Class actions play an essential role in holding corporations accountable for their widespread unlawful behavior, particularly when the harm suffered by each individual is small relative to the larger discriminatory picture. An individual is far less likely to enforce rights in court if the recoverable damages are too small to justify the cost of lengthy litigation or arbitration, a fact which often allows corporations to get away with unlawful conduct. The Supreme Court has recognized this function:
The policy at the very core of the class action mechanism is to overcome the problem that small recoveries do not provide the incentive for any individual to bring a solo action prosecuting his or her rights. A class action solves this problem by aggregating the relatively paltry potential recoveries into something worth someone’s (usually an attorney’s) labor.As a result of the relative disadvantages of filing an individual claim, most plaintiffs who lose at the class certification stage, and are consequently unable to share the burdens of litigation with a larger class, do not pursue individual discrimination claims. One reason is that the cost of bringing a lawsuit can be much higher than the potential return to individual plaintiffs, resulting in “negative value” claims. For example, the average settlement in a sex discrimination claim deemed by the Equal Employment Opportunity Commission (EEOC) to have merit is $34,200, which is not enough to cover litigation costs and still compensate the plaintiff.
Many individual plaintiffs are also unaware that they have a claim. In the Wal-Mart case, for example, Wal-Mart strictly prohibits employees from discussing pay. It also tends to segregate women and men into different store departments. This keeps employees ignorant of pervasive pay discrepancies throughout Wal-Mart’s system. Even if aware they might have a claim, potential low returns and fear of retaliation keep individuals from seeking compensation when they have been discriminated against. Wal-Mart’s threats of retaliation are well-documented.

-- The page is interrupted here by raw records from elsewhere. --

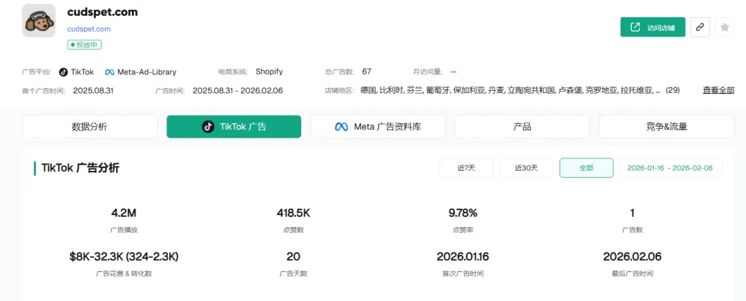 流量层级: 在短短 20 天的投放周期内(1月16日-2月6日),单条视频素材狂飙至 420 万次播放,且目前仍在持续跑量;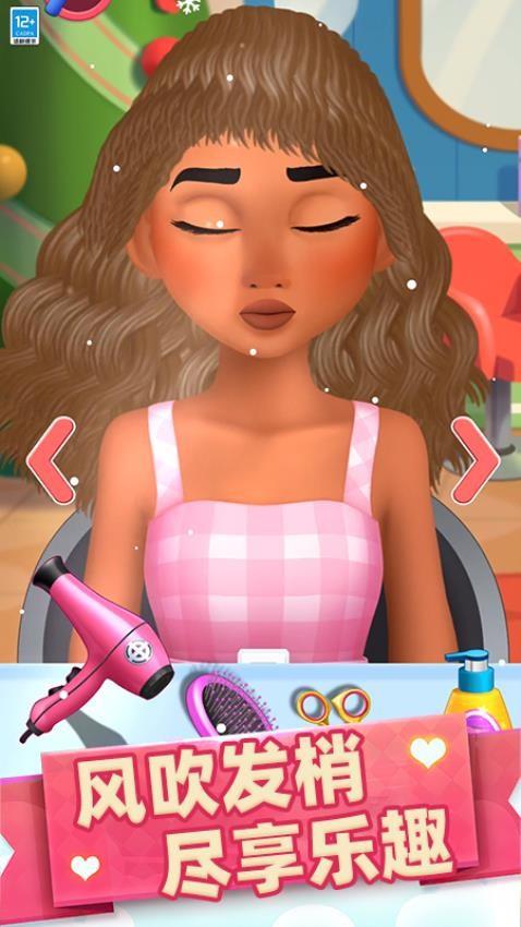 在这里,你将化身时尚造型师,为不同风格的女孩精心打造独特造型。从洗发护理开始,用吹风机、卷发棒等工具吹拉卷烫,设计出迷人发梢。还能挑选各式各样华丽服饰,搭配精致首饰、时尚帽子与个性眼镜。无论是圣诞公主风、魔法芭比风还是特色创意风,都能自由搭配。快来开启这场时尚换装盛宴,展现你的审美与创意。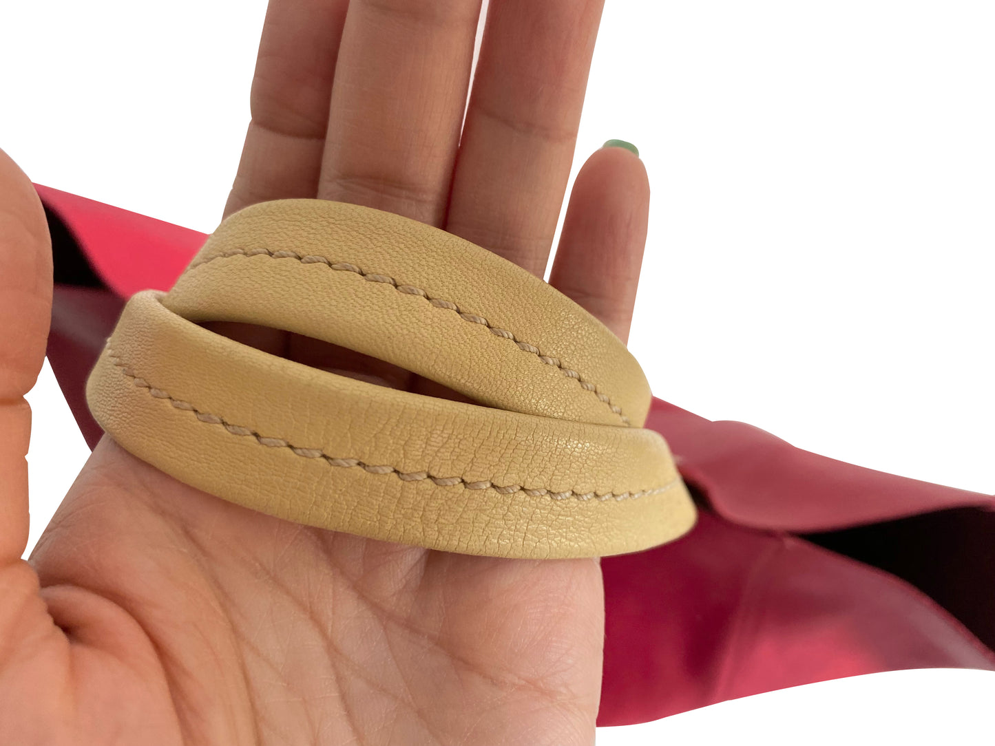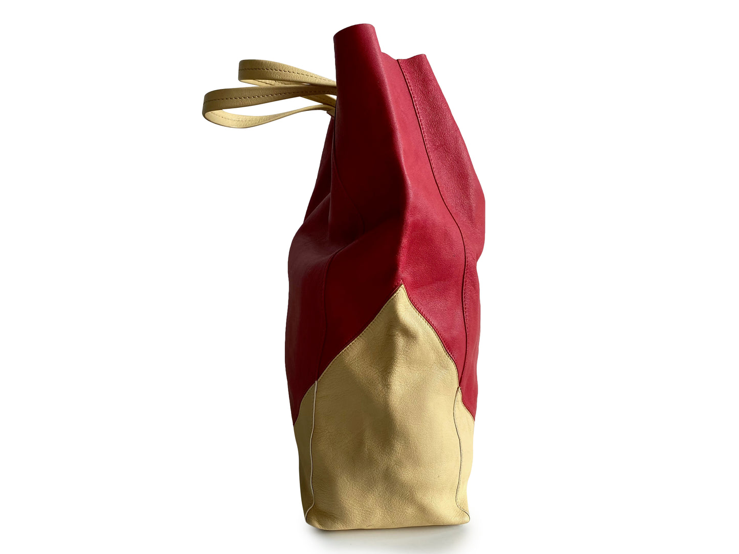 Description: This is an authentic CÉLINE Lambskin Vertical Bi-Color Coeur Cabas in Beige and Red. This stylish large tote is beautifully crafted of soft and supple lambskin leather in two tones. The bag features flat beige leather strap top handles. The top is open to a spacious with a zippered pocket.

Class actions allow plaintiffs to uncover company-wide statistics that provide a more accurate measure of whether the company is engaged in a pattern of discrimination or its conduct has a discriminatory effect. The standard of proof in pattern-or-practice and disparate impact cases is also very different than in an individual lawsuit. In the former, courts look at the overall practices of a company, with plaintiffs carrying the burden of showing that unlawful discrimination has been the regular procedure or policy, or that while fair in form, company policy is discriminatory in operation. In the latter, the focus is on the decisions of management applied to each individual. Statistical evidence is often decisive in class actions, but may be irrelevant in individual lawsuits. Without it, however, discriminatory practices that can be seen in a company overview may remain hidden.